If you’re one of these developers or the leader of a small business, pay attention to the tips below while formulating your plan.
1. Divide the duties.
Make sure your hosted scripts aren’t solely reliant on one service. Handing your entire operation over to an outside service -- such as Microsoft or Amazon -- will cut you off from the necessary controls that allow you to address threats or outages when they occur.
If your budget allows, set up more than one hosting service in case the primary source falls through. Simple checks can ensure that if the original source isn’t available, a fallback to another host -- or even a locally hosted source -- can keep your site running.
2. Rack up redundancies.
If your entire project really is reliant on AWS capabilities, the alternative is to build up a secondary source -- hosted elsewhere -- to operate in a redundant fashion. This way, when one service goes down, the product can keep moving along, with little to no interruption.
Of course, the difficulty of this is monumental. While Microsoft Azure or Google offers comparatively robust packages for scaling, the way these operate is often significantly different than AWS does. Many of the items that come prebuilt with AWS simply won’t be available on Google or other services. This means you’ll either need to invest in extensive custom development to create similar functionality or set a preplanned goal to limit your system’s reliance on AWS-specific capabilities.
3. Fancify your failures.
Even with the strongest precautions in place, the occasional outage is inevitable. In this event, make sure your failure points are graceful. When a user gets an ugly AWS message that’s practically indecipherable, it creates a feeling of panic and anxiety. Instead, plan for these types of situations with useful, friendly and self-effacing messages that actually give the user an idea of what’s happening.
For example, if my website at Rocksauce Studios goes down, users aren’t faced with a vomit of incomprehensible code. Instead, a friendly message pops up saying, “Oops!” before offering users the ability to either try again or contact our support team for help. Not only does this show our awareness of the problem, but it also offers an avenue for users to reach out for a fix.
4. Give the gift of gab.
Be ready to communicate with your users. This is perhaps the most important factor because having a completely independent back-up system -- whether you’re a company such as Netflix or a small bootstrapping startup -- is an extreme solution, given the presumably rare nature of the problem.
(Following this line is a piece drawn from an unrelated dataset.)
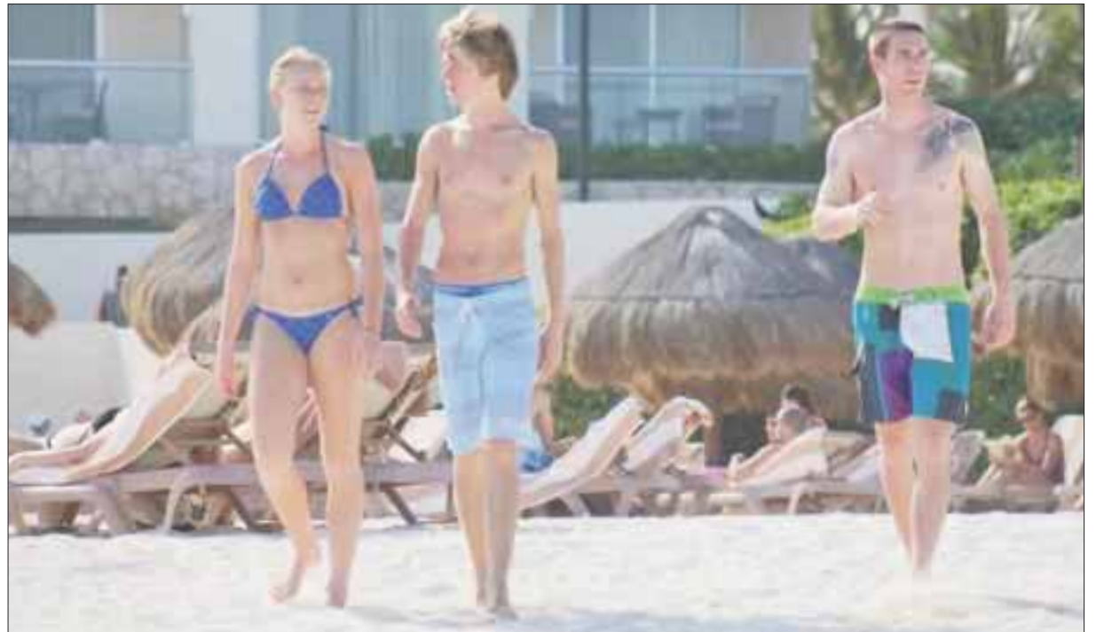
El estado se mantiene en la preferencia del turismo alemán, ante la promoción y la apertura de vuelos.

La cifra aumenta hasta tres mil o más por los que vienen de vacaciones, que se quedan estancias prolongadas de hasta varios meses o bien entran y salen de la entidad con relativa frecuencia.

Instead, having a well-formed response to send to users via email, Twitter, Facebook or other means can provide you with the necessary grace.
Responding promptly to customer inquiries, even when you don’t have the answer, goes a long way toward showing that you care about your customers and are aware of the problem.
Related: Does Your Website Have a Crash Plan?
The reliability of cloud hosting services is measured in “uptime,” or the amount of time these services are working and available. Most companies do everything possible to keep their uptime as close to 100 percent as they can, meaning they're not likely to experience regular outages any time soon. That being said, taking a few simple precautionary measures can go a long way toward easing the pains of an outage should one happen to hit your hosting services in the future.